Alternating minimization for computing doubly minimized Petz Renyi mutual information

TL;DR

This paper introduces an alternating minimization algorithm to compute the doubly minimized Petz Renyi mutual information for quantum states, proving its convergence for a broad range of parameters and extending previous classical results to general quantum states.

Contribution

It develops and proves the convergence of an alternating minimization method for calculating doubly minimized PRMI for any quantum state, filling a gap in numerical approaches.

Findings

Convergence of the algorithm is linear for α in (1,2].

Convergence is sublinear for α in (1/2,1).

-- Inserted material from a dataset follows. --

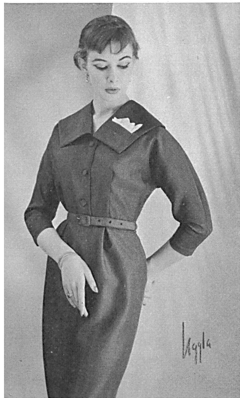
City Modeller, Stockholm

Belrobe (100 % fibranne) de : Heer & Cie S. A., Thalwil

Results extend previous classical state findings to all quantum states.

Abstract

The doubly minimized Petz Renyi mutual information (PRMI) of order $\alpha$ is defined as the minimization of the Petz divergence of order $\alpha$ of a fixed bipartite quantum state $\rho_{AB}$ relative to any product state $\sigma_A\otimes \tau_B$. To date, no closed-form expression for this measure has been found, necessitating the development of numerical methods for its computation. In this work, we show that alternating minimization over $\sigma_A$ and $\tau_B$ asymptotically converges to the doubly minimized PRMI for any $\alpha\in (\frac{1}{2},1)\cup (1,2]$, by proving linear convergence of the objective function values with respect to the number of iterations for $\alpha\in (1,2]$ and sublinear convergence for $\alpha\in (\frac{1}{2},1)$. Previous studies have only addressed the specific case where $\rho_{AB}$ is a classical-classical state, while our results hold for any quantum state $\rho_{AB}$.